Seruan itu menggema di jalanan kota besar, menyerukan agar pemerintah AS menempuh jalur damai, bukan aksi militer.
Protes di Depan Gedung Putih dan Kisah Imigran dari Iran
Di Washington, sekitar 200 warga berkumpul di depan pagar Gedung Putih. Mereka mengecam Presiden Donald Trump, termasuk sejumlah veteran yang menilai pendekatannya membahayakan perdamaian.
“Dia berusaha menjadi raja,” kata Ron Carmichael, 78 tahun, pensiunan pilot helikopter dalam Perang Vietnam.

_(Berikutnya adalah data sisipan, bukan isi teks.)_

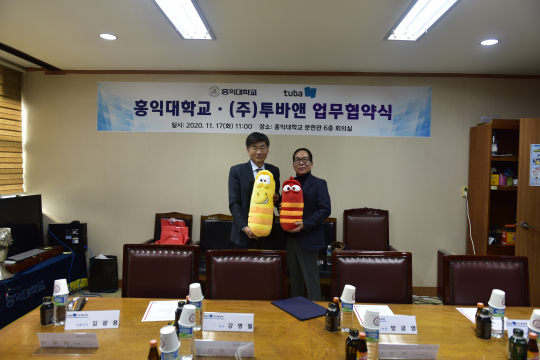 양우석 홍익대 총장은 “좋은 기회를 만들어주셔서 감사하며, 홍익대학교와 (주)투바앤이 산업 협약을 통해 상호 협력할 것”이라고 말했다.

Sementara itu, di pusat kota Chicago, lebih dari 200 orang turut turun ke jalan, termasuk Ali Tarokh, imigran asal Iran yang menetap di AS sejak 12 tahun lalu.
Setelah pernah dipenjara selama dua tahun di Iran karena aktivitas politik, ia menyebut serangan udara terhadap negaranya sebagai langkah yang “terburuk yang bisa terjadi.”
Tarokh menilai bahwa meski ia menentang pemerintahan Iran, perubahan harus dilakukan secara bertahap. “Perubahan rezim hampir tidak mungkin di sana,” ujarnya.
Ia juga mengkritik sikap Trump dan Netanyahu yang dinilainya justru memperlambat proses menuju demokrasi sejati di Iran.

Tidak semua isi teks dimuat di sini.